== SUPPLIED INFORMATION ==

*-*-*

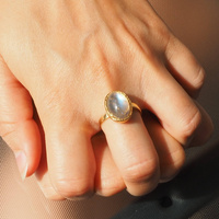 Pierścionek z Labradorytem owalnym w złoconym srebrze młotkowanym
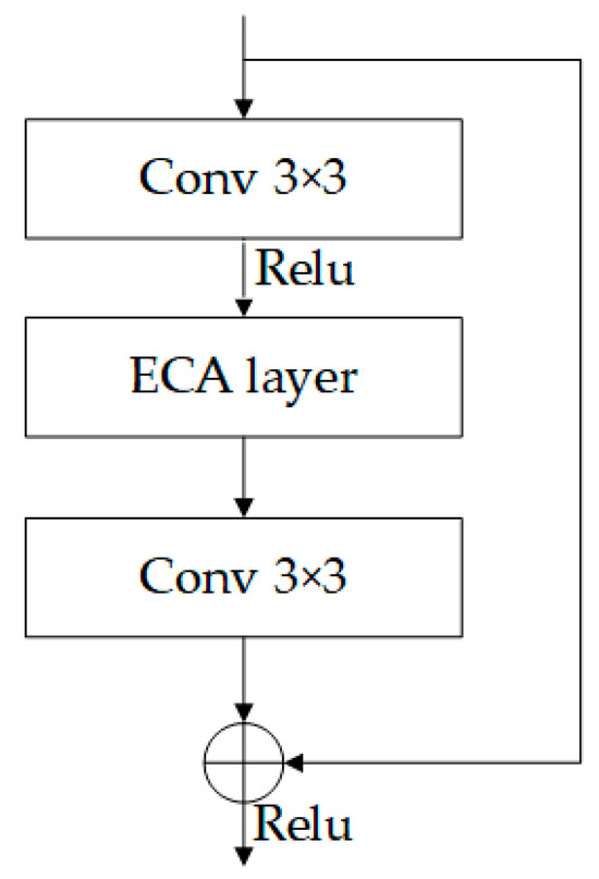The ECA module is introduced into the basic block of the Res-Net, and the network structure is shown in Figure 2. This enables the network to better distinguish between old landslides and backgrounds, and it reduces the degradation of the network segmentation performance due to the similarity of features between old landslides and backgrounds. The paper introduces the ECARes-Net module into the network. The ECA module does not require channel dimensionality reduction operations, with only a small number of parameter additions, thus retaining the informational integrity of the original channel features. Meanwhile, it is also able to better utilize the interdependence between the features produced by the convolution operation, which effectively improves the quality of the feature representation generated by the neural network [31,32]. The mechanism can use global information to selectively emphasize information-rich features and suppress less useful ones. The structure of the ECA module is shown in Figure 3.
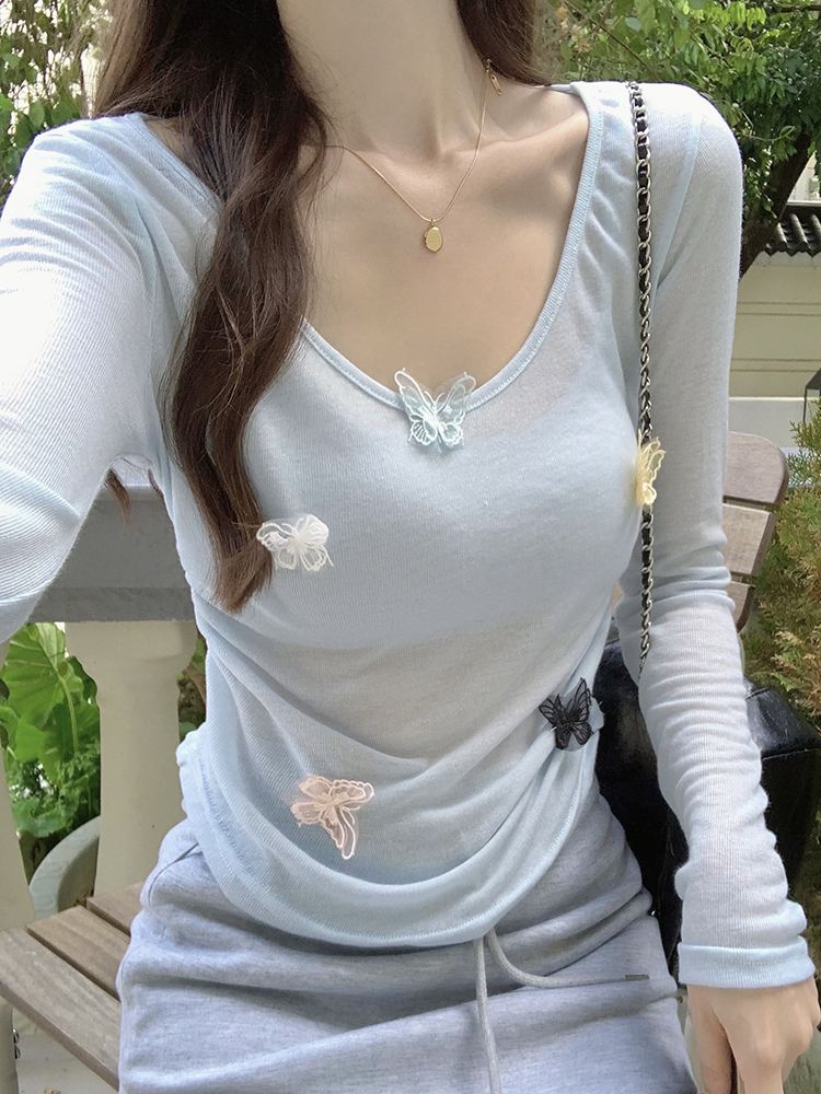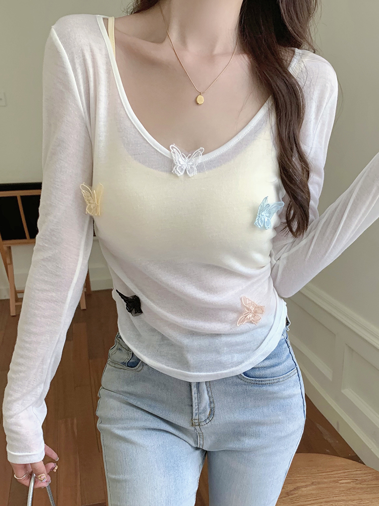 BY12041# 春季设计感蝴蝶纯欲上衣带胸垫吊带针织短袖两件套 服裝批發女裝批發服飾貨源

*-*-*

== WHAT THIS TASK INVOLVES ==
Give back the listing exactly, with the pictures removed.

== ANSWER SPACE ==
 Pierścionek z Labradorytem owalnym w złoconym srebrze młotkowanym
The ECA module is introduced into the basic block of the Res-Net, and the network structure is shown in Figure 2. This enables the network to better distinguish between old landslides and backgrounds, and it reduces the degradation of the network segmentation performance due to the similarity of features between old landslides and backgrounds. The paper introduces the ECARes-Net module into the network. The ECA module does not require channel dimensionality reduction operations, with only a small number of parameter additions, thus retaining the informational integrity of the original channel features. Meanwhile, it is also able to better utilize the interdependence between the features produced by the convolution operation, which effectively improves the quality of the feature representation generated by the neural network [31,32]. The mechanism can use global information to selectively emphasize information-rich features and suppress less useful ones. The structure of the ECA module is shown in Figure 3.
 BY12041# 春季设计感蝴蝶纯欲上衣带胸垫吊带针织短袖两件套 服裝批發女裝批發服飾貨源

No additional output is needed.